__RECORDS PROVIDED__:
⟨
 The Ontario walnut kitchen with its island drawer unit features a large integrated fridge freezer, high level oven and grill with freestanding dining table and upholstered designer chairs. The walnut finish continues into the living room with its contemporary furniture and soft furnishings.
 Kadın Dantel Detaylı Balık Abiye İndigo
⟩
⟨
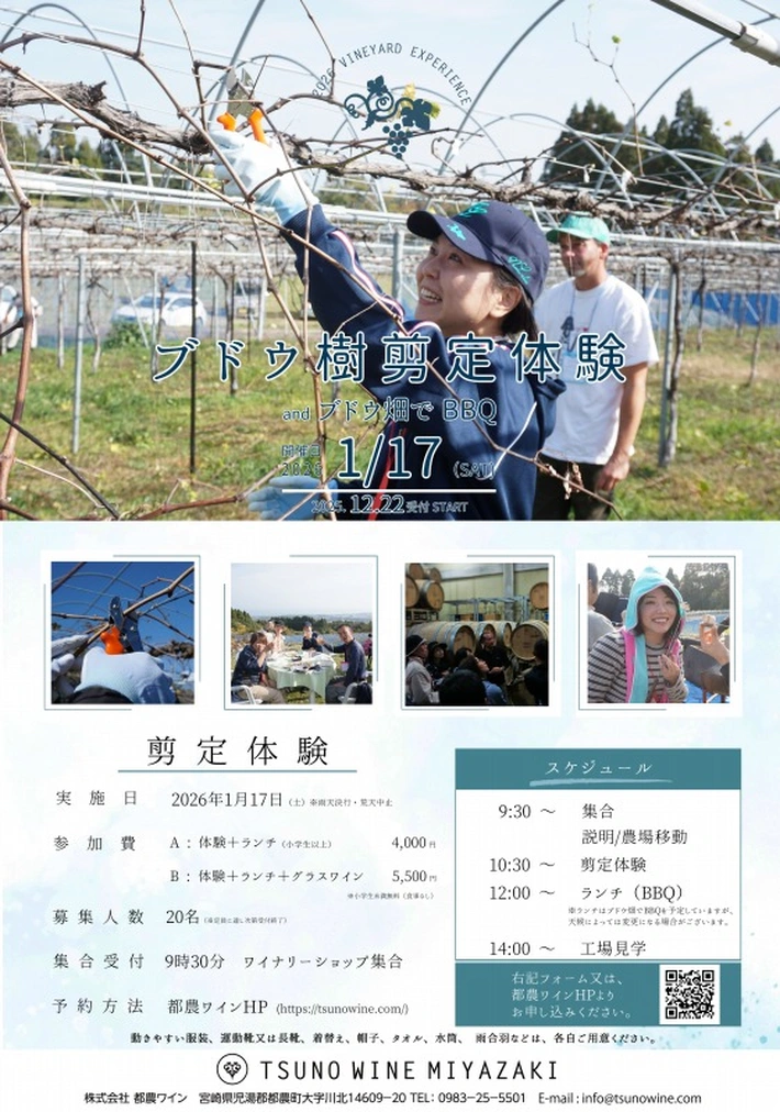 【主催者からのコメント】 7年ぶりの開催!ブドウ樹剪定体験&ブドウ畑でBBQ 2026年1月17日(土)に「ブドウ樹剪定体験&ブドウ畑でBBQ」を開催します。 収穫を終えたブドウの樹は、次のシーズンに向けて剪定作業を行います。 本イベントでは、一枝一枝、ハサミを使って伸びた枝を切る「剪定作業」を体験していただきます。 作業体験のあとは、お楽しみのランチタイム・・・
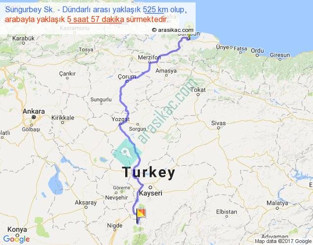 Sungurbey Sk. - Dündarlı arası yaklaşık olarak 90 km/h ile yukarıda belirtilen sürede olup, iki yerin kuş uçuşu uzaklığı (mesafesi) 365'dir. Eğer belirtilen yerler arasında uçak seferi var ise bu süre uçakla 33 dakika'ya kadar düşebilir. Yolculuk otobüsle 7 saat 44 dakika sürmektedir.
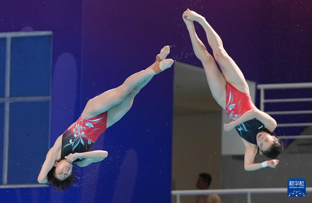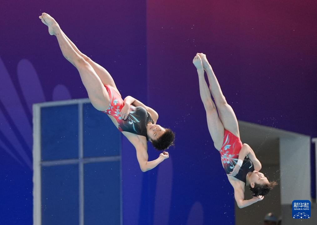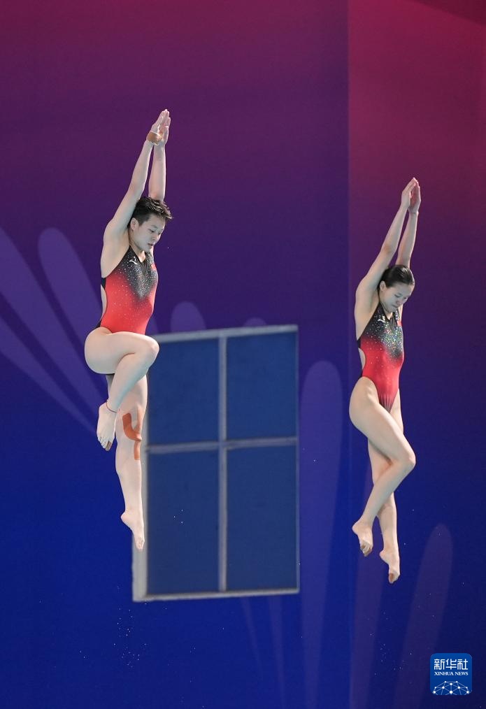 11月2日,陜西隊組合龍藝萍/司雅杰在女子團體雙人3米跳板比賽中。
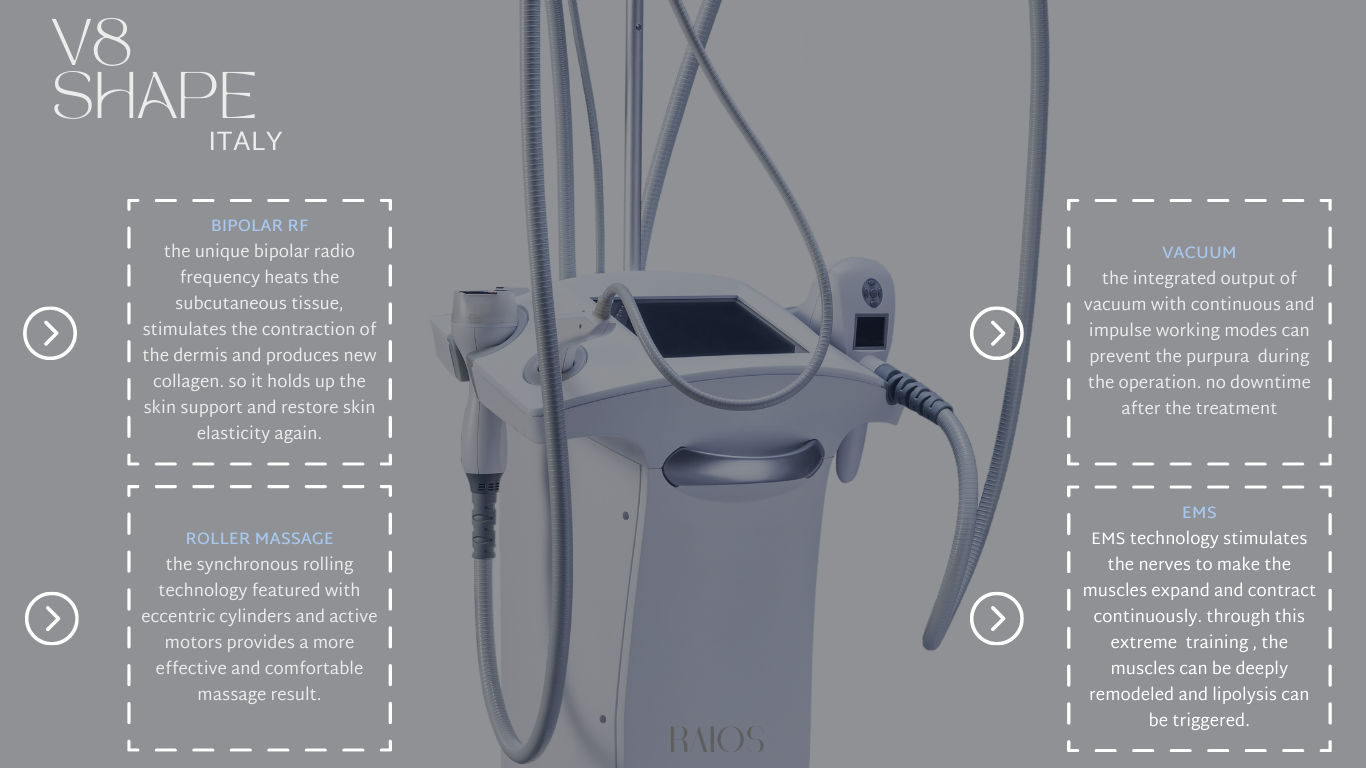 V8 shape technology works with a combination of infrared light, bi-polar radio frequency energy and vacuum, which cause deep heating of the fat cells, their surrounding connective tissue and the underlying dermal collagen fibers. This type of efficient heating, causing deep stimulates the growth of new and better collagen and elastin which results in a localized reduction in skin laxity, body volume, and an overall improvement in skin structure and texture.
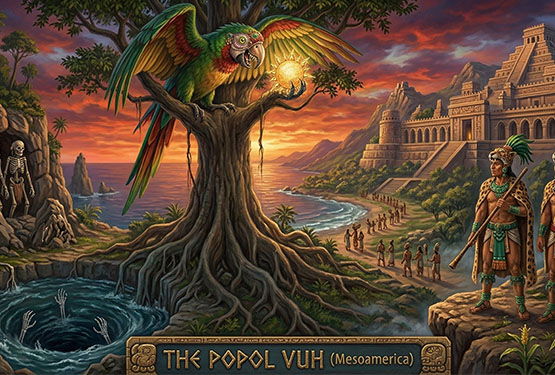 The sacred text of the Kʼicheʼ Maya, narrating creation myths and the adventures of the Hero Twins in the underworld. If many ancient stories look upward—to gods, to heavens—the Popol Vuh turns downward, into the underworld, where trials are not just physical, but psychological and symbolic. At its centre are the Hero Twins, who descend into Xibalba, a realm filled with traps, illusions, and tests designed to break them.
⟩
⟨
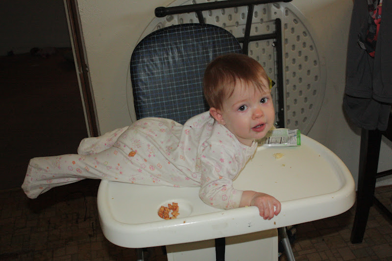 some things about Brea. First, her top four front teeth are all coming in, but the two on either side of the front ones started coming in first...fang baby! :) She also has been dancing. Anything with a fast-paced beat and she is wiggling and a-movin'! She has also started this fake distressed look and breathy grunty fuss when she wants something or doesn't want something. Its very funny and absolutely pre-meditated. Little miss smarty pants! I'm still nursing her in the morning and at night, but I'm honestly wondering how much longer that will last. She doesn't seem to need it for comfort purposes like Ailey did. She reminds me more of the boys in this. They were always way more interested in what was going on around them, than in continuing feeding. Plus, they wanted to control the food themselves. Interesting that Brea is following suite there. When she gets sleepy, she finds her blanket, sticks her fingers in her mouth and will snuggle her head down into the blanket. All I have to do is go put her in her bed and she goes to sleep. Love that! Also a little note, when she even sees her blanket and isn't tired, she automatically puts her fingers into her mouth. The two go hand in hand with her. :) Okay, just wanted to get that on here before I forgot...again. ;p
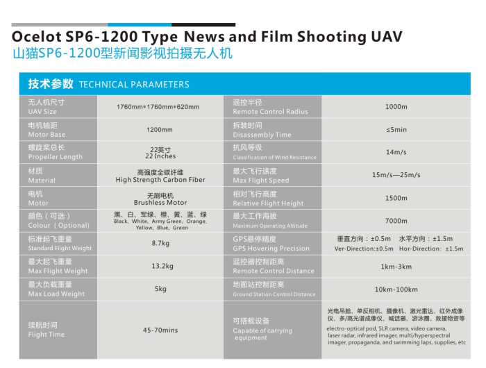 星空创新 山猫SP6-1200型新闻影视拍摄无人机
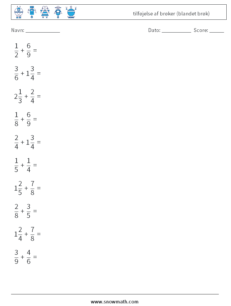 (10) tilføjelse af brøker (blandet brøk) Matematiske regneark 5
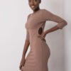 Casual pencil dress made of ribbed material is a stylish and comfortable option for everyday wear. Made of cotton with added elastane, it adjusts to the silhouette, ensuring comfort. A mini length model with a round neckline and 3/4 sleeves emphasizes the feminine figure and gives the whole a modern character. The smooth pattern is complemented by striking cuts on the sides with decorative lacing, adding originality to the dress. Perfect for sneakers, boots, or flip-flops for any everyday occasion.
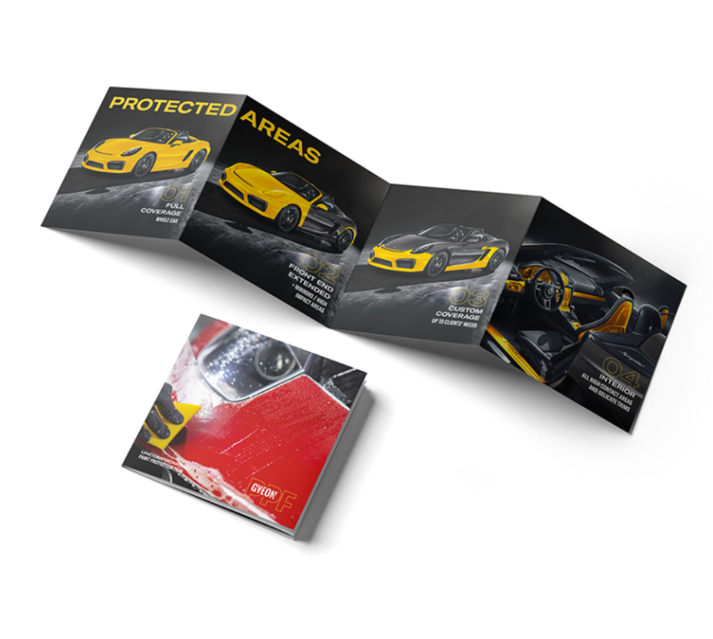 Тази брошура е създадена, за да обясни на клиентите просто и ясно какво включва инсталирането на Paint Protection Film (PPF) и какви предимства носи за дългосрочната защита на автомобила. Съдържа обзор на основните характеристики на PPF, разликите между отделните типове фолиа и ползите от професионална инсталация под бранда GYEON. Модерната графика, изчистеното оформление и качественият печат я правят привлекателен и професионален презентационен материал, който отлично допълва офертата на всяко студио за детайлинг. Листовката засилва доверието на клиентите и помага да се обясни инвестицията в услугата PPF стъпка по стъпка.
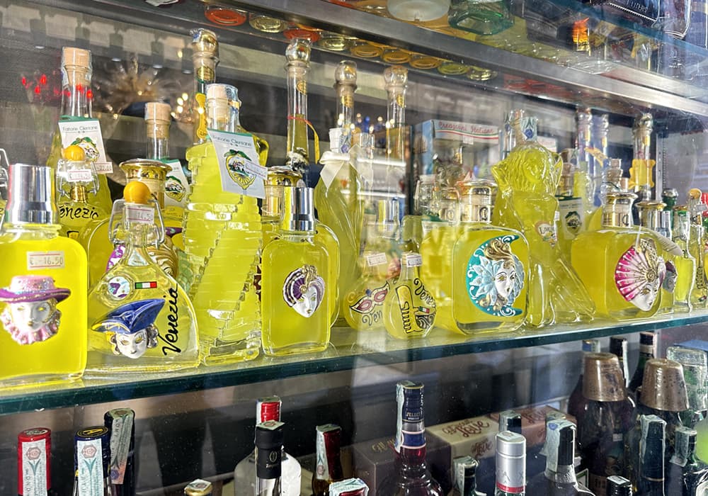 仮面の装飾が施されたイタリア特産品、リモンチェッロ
⟩
__REQUIREMENT__: Begin at the line in the entries above that has "Sungurbey Sk. - Dündarlı", stop after the line that has "11月2日,陜西隊組合龍藝萍/司雅杰在女子團體雙人3米跳板比賽中。", and output exactly those lines without pictures.

__TASK OUTPUT__:
 Sungurbey Sk. - Dündarlı arası yaklaşık olarak 90 km/h ile yukarıda belirtilen sürede olup, iki yerin kuş uçuşu uzaklığı (mesafesi) 365'dir. Eğer belirtilen yerler arasında uçak seferi var ise bu süre uçakla 33 dakika'ya kadar düşebilir. Yolculuk otobüsle 7 saat 44 dakika sürmektedir.
 11月2日,陜西隊組合龍藝萍/司雅杰在女子團體雙人3米跳板比賽中。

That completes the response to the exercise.